> Supplied records:
+--

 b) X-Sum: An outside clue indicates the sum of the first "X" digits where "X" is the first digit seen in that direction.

+--

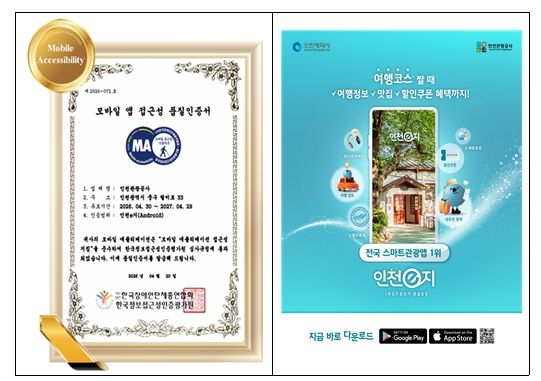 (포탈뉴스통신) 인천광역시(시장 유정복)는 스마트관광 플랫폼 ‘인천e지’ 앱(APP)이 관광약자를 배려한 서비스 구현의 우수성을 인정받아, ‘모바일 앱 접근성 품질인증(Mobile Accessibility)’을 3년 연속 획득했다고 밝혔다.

+--

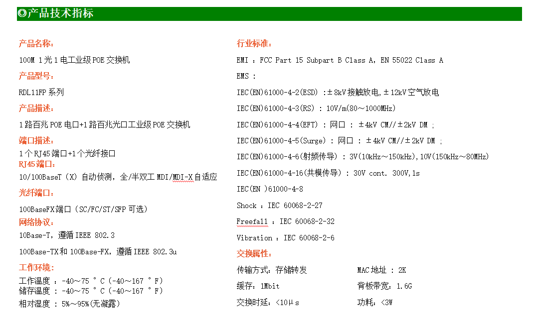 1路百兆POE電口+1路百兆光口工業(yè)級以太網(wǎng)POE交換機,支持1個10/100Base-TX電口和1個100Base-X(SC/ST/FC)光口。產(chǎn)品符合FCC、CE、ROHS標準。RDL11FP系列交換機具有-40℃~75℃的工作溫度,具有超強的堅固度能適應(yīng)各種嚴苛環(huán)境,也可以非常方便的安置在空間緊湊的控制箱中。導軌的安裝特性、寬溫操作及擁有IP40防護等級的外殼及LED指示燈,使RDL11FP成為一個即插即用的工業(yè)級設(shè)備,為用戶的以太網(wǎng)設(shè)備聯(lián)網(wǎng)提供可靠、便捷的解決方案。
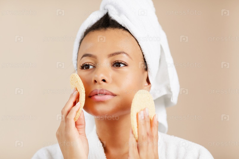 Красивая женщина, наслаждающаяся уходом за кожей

+--

> Task objective: Between and including the line with "1路百兆POE電口+1路百兆" and the line with "Красивая женщина, наслаждающаяся", repeat every line exactly as it appears above, with pictures left out.

> Task result:
 1路百兆POE電口+1路百兆光口工業(yè)級以太網(wǎng)POE交換機,支持1個10/100Base-TX電口和1個100Base-X(SC/ST/FC)光口。產(chǎn)品符合FCC、CE、ROHS標準。RDL11FP系列交換機具有-40℃~75℃的工作溫度,具有超強的堅固度能適應(yīng)各種嚴苛環(huán)境,也可以非常方便的安置在空間緊湊的控制箱中。導軌的安裝特性、寬溫操作及擁有IP40防護等級的外殼及LED指示燈,使RDL11FP成為一個即插即用的工業(yè)級設(shè)備,為用戶的以太網(wǎng)設(shè)備聯(lián)網(wǎng)提供可靠、便捷的解決方案。
 Красивая женщина, наслаждающаяся уходом за кожей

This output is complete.